Elgg and WebCT, sitting in a tree…

apertoSo, some interesting news that may send a few ripples through the old edublogosphere is that Curverider (the excellently named commercial arm of Elgg) have ‘got into bed with’ Aperto Elearning Solutions founded by Sasan Salari (one founder of WebCT).

My initial thoughts on this thing go back to June last year when I got wind of the ‘powerlinks’ approach WebCT were taking to allow for open source extensions which I wasn’t too happy about :) Even suggesting that this was how it was all going to go wrong. However I did chill out a bit down the track (as has been known to happen ;) and as it happens found myself suggesting that Elgg would be a good ‘integration’ partner – amazing what you remember when you look in the archives.

-it was also the same WebCT person, Sasan, who commented on the original post specifically stating that “We are not integrating open source applications into WebCT”, which is also mildly amusing, but enough of that-

Anyway, my final thoughts there were that:

I, however, don’t believe that education should be so much for sale (that there should be so much money able to be made out of it) or that it is in education’s interest to have such dominating market leaders. Also, I am absolutely committed to the vision of online education becoming a sustainable and multi-faceted environment, as affordable and accessible so that any teacher can use it and as varied and subvertable as any classroom or progressive curriculum.

And to me the appropriation of the tools that will help us achieve this by the WebCTs of this world through stuff like the ‘WebCT Wiki Integration Toolkit 0.1? is bad news.
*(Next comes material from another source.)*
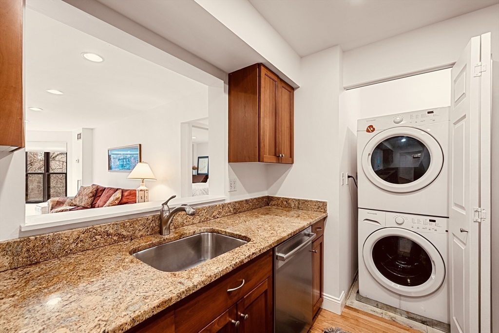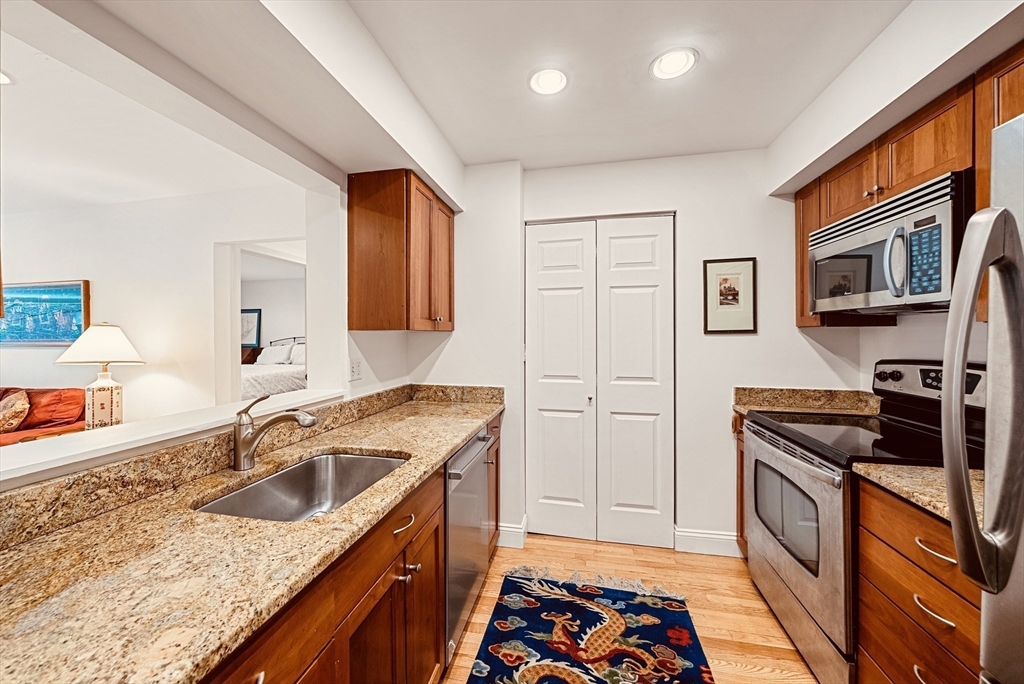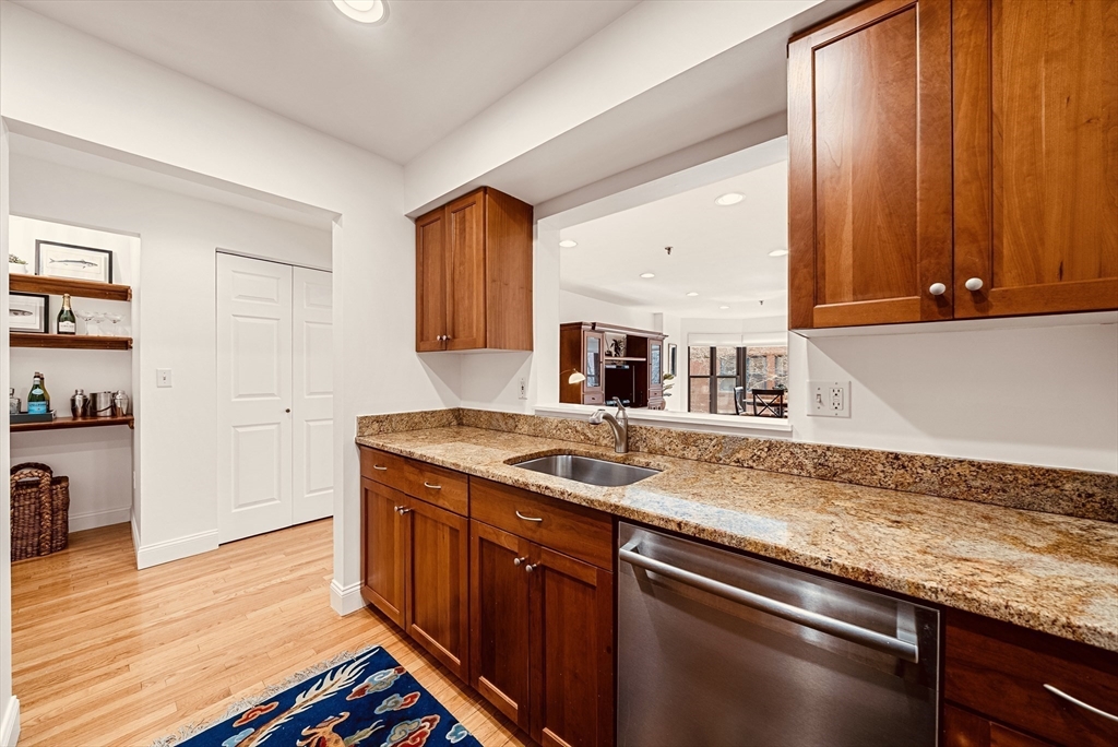 Ideal Back Bay city retreat - Don't miss this 2 bedroom, 2 bath with direct access garage parking at The Copley Place Residences! Chef's kitchen with granite counter tops, ample storage and stainless steel appliances; adjacent pantry perfect for storage, dry bar. Open living/dining with over-sized bay window with stunning cherry blossom views over the SW Corridor. Living space is flanked by two spacious bedrooms, each with adjacent tiled baths, each with additional linen storage. Recessed lighting, hardwoods throughout, in unit washer/dryer. Additional storage closet located on the same floor. All this and a full direct access GARAGE parking space, 24hr concierge; onsite management & maintenance, direct access to Copley Place, Prudential Center & walking to T, train, Southwest Corridor and the best of both Back Bay and the South End.

It’s the same approach that gets people to shop at K-Mart for everything even though they can get a much greater range, quality and price just down the road… and they are not doing it out of a philanthropic to help us teach and learn online better. They’re doing it to lock in the $s.

Which I stand by, but, knowing how much value and vivre an Elgg environment could bring to one of those lifeless WebCT courses find myself quibbling a bit. This isn’t helped either by the tremendous amount of respect that I have for Dave and Ben and how I think that Elgg integration into existing systems could be the tipping point for them in terms of feedback, design and use.., something which has ‘good’ stamped all over it.

What I find myself saying more and more nowadays in my professional role is that yes WebCT / BB are necessary as ‘backbones’ but as learning environments we need to be using and developing far more effective tools and experiences. And for that line of thinking, this is an absolute boon. However, I feel like to a degree that’s shrugging off the responsibility to the administrative side of things (“As long as they leave the learning alone I don’t care”) which isn’t a very holistic approach for anyone to take.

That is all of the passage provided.